C. coli strains were grouped into two clusters. For cluster D, three strains from different regions were grouped, which had in common the presence of the flaA, pldA and cadF genes and resistance to ciprofloxacin. Cluster E included four strains with the presence of the cadF gene in common.

For the other meat matrices, the dendrograms are shown in Figure 3 and included 32/35 strains that were discriminated into four clusters for Campylobacter spp. (A, B, C and D), three for C. coli (E, F and G) and two for C. jejuni (H and I). The strains that did not show a RAPD profile included one from chicken liver (Campylobacter spp.) and two from pork shank (C. coli and Campylobacter spp.).

In Campylobacter spp. (Figure 3a), the distribution of strains from distinct meat matrices within the same RAPD genotype was common. Especially, in cluster B, we detected a 92% similarity between samples originating from pork shank and chicken liver in the year 2015, with the presence of the luxS gene in common.

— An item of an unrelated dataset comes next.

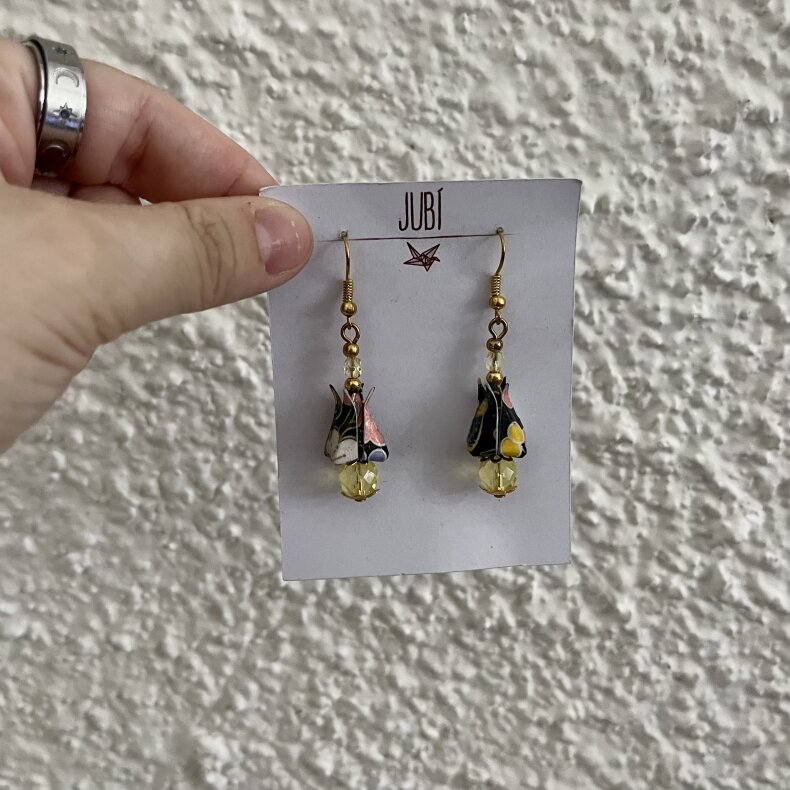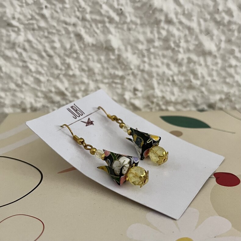 Náušnice jsou ručně složeny z kvalitního dovozového washi papíru, který byl vyroben v samotné kolébce origami v Japonsku.

For C. coli (Figure 3b) and C. jejuni (Figure 3c), we observed that the clusters were discriminated according to the meat matrix, annual production and industrial and sanitary inspection services. In C. coli, the presence of the flaA and cadF genes was common to clusters E and F. In cluster E, two chicken liver strains were grouped together, with 99.2% similarity, from samples stored under refrigeration and freezing, from brands produced in different states (MT and GO), indicating the dissemination of the genotype among different establishments. For C. jejuni, both clusters (H and I) contained the ciaB and luxS genes. Cluster H, composed of three strains from pork shank and one from chicken liver, showed a similarity of 81.8%, demonstrating the presence of common genotypes circulating in different production chains.

4. Discussion

4.1. Campylobacter Positivity

The highest prevalences of the Campylobacter genus were found in chicken carcasses and pork shank and corroborated other recent studies in carcasses and in slaughterhouses [27,28]. However, the prevalence of Campylobacter in liver meat varies widely from country to country and can reach extremely high rates (96%) [29,30]. The lowest values found for beef liver and chicken liver in our study were not expected, since this kind of meat is a maintenance niche for bacteria and a source of foodborne outbreaks [31]. Thus, it is possible that the bacterial injury condition potentiated the acquisition of the viable but nonculturable form, reducing our prevalence values.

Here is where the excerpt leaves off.